In Week 1, four quarterbacks started their first NFL game. Two rookies, two sophomores: Carson Wentz, Dak Prescott, Trevor Siemian, and Jimmy Garoppolo.

Three of those quarterbacks won their first game. How did they fare?

Coming into the opening week of the regular season, it seemed as if there was no question about who would be the Philadelphia Eagles’ starting quarterback. It was going to be Sam Bradford, and he may have held down the job for the entire season.

Minnesota was in need of starting quarterback quarterback, however, after the Teddy Bridgewater injury. Philly could not pass up their first- and mid-round pick offer for Bradford.

That opened the door for Wentz to start right off the bat despite missing most of the preseason with a rib fracture.

Wentz’s production in college has been dismissed by some due to the level of competition, which is FCS in the Missouri Valley Football Conference.

The Cleveland Browns might not be much of a step up from that (I kid, I kid), but Wentz proved he doesn’t just beat up on football teams absent of talent.

A lot of his early throws were underneath routes or screen passes, and the Browns kept letting him complete those throws. Those aren’t the throws that awe you, but if the defense keeps giving them to you, why go away from it?

Those weren’t the only throws Wentz made, though. Both his touchdown passes to Jordan Matthews and Nelson Agholor were 20+ yards and dropped right into the breadbasket. In fact, he was 5-of-6 on throws of 15+ yards, for 120 yards and two touchdowns.
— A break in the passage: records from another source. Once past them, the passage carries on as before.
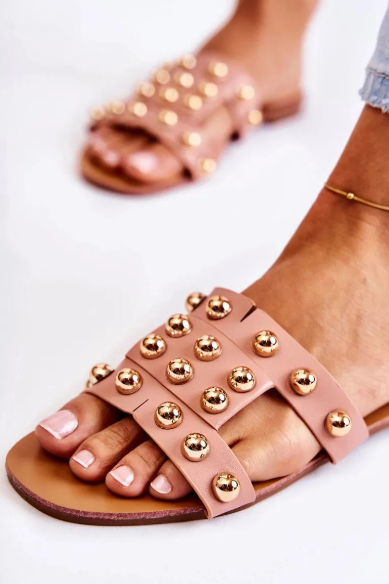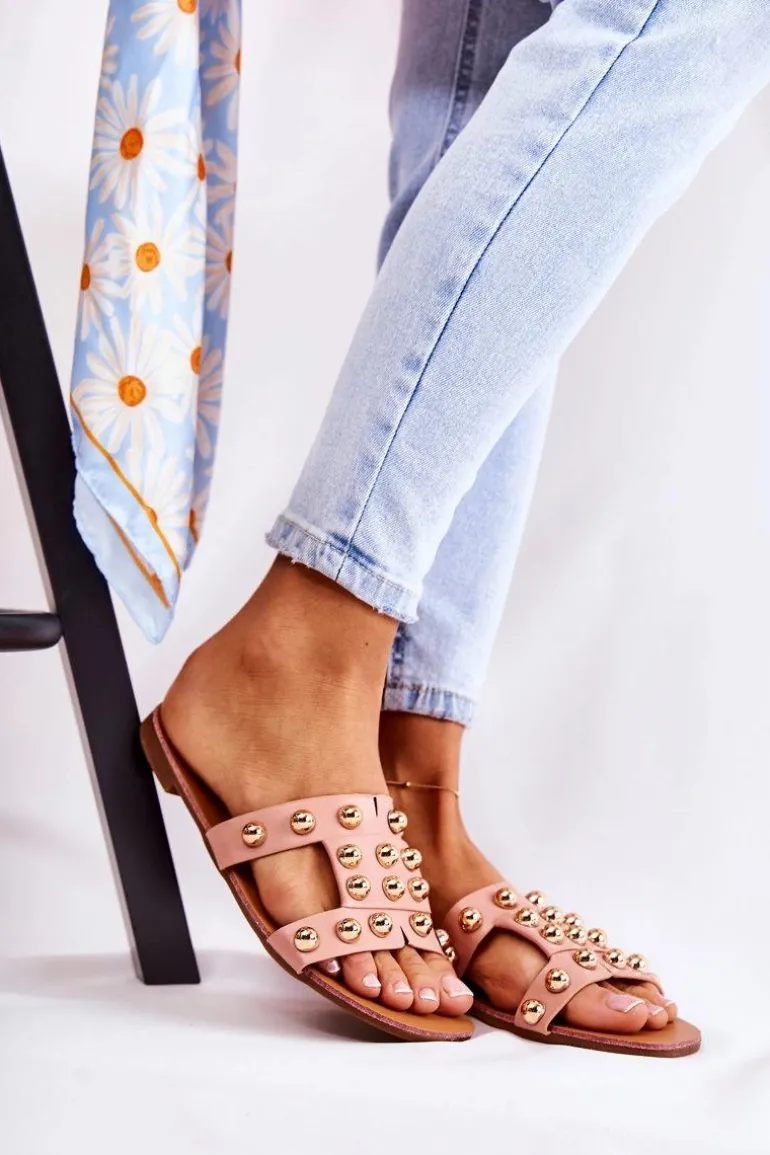 Klasyczne klapki damskie wykonane z eko skóry posiadają delikatne nacięcia na paskach. Zostały ozdobione lustrzanymi elementami w postaci półkul. Miękka wkładka wykonana z eko skóry. Buty zostały osadzone na płaskim obcasie. Podeszwa wykonana z gumowego tworzywa, która jest dodatkowo antypoślizgowa. Świetny model, który sprawdzi się podczas upalnych dni! Przy wyborze rozmiaru prosimy sugerować się tabelą rozmiarów.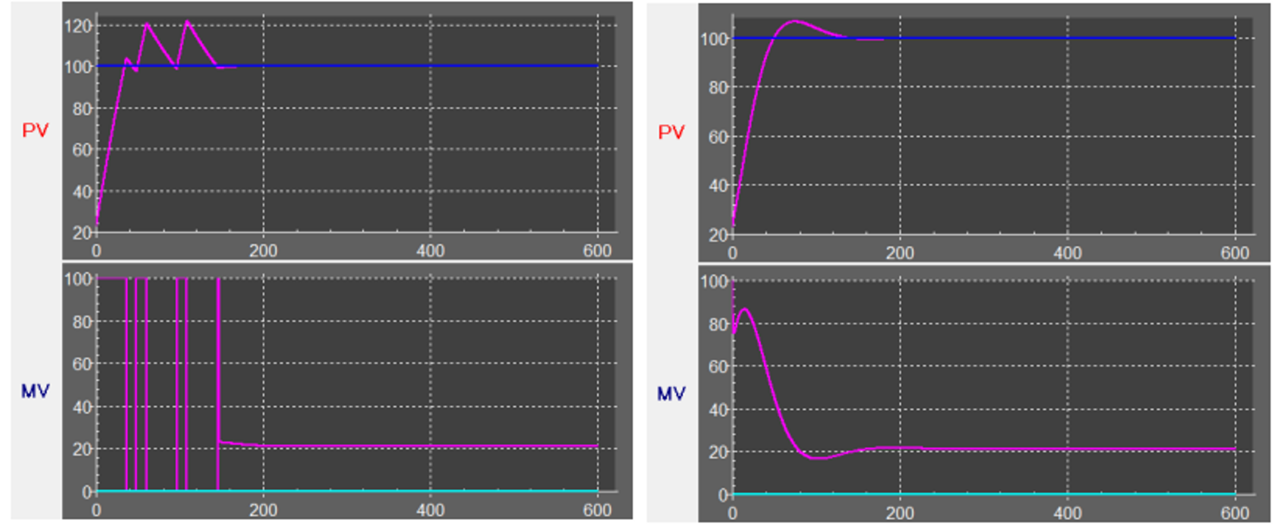 シミュレーション結果例 左側:オートチューニング 右側:PID制御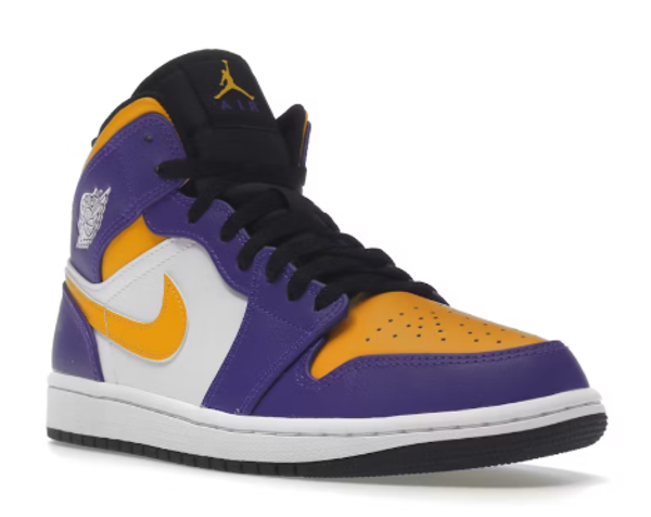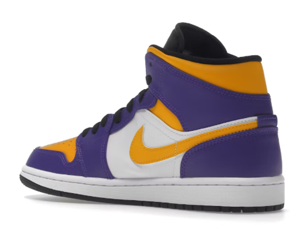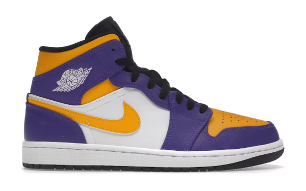 The Air Jordan 1 Mid Lakers 2022 is a mid-top sneaker dressed in the NBA Los Angeles Lakers’ trademark colors of yellow and purple.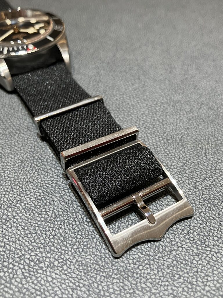 尾錠の形はTUDORのロゴである盾をモチーフにしており、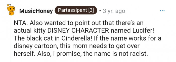 "Wanted to point out that there’s an actual kitty DISNEY CHARACTER named Lucifer! The black cat in Cinderella!"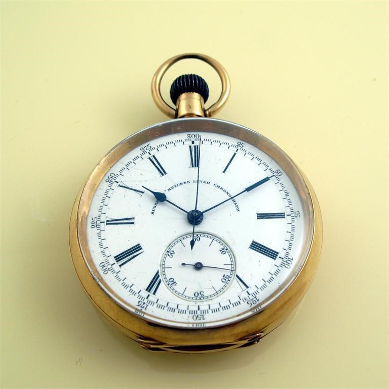 A gold open faced chronograph. White enamel dial signed 'Russells Keyless Lever Chronograph'. Plunge action and with subsidiary seconds dial. Signed movement.

He was calm in the pocket and was able to squeeze some passes in tight holes.

It was the Browns, but Wentz made a great first impression for sure.

PFF Grade and Rank: 87.5, 2nd

I reviewed Dak Prescott’s preseason in last week’s edition of My Circle of Life and was very excited. He has a lot of potential, and you can read into more detail on that here.

Prescott had an excellent preseason and his first week of real play went no different. The rookie fourth-round pick from Mississippi State opened up completing his first five passes, and 10 of his first 11 after a drop from Cole Beasley.

Aside from getting into the end zone, Prescott was damn near perfect in this one. He had to face a tough New York Giants front — edge rushers Jason Pierre-Paul and Olivier Vernon were both ranked in the top 15 from PFF in Week 1. At least a little bit of the offense seems dedicated to roll-outs to utilize Prescott’s legs, which gets him away from that pass rush some of the time. But when he stood in the pocket, he either had to run or make a tough throw. He didn’t take one sack.

Like the preseason, we saw a lot of potential from Prescott, but unfortunately it wasn’t all put together, this time for a win. All the throw-aways caused his completion percentage to dip — 56 percent — and while Prescott did toss 227 yards, he never scored a touchdown.

Dallas came up just short, falling 20–19. Moving forward, though, the Cowboys still have to be happy their guy right now is Dak Prescott and not Matt Cassel or Brandon Weeden.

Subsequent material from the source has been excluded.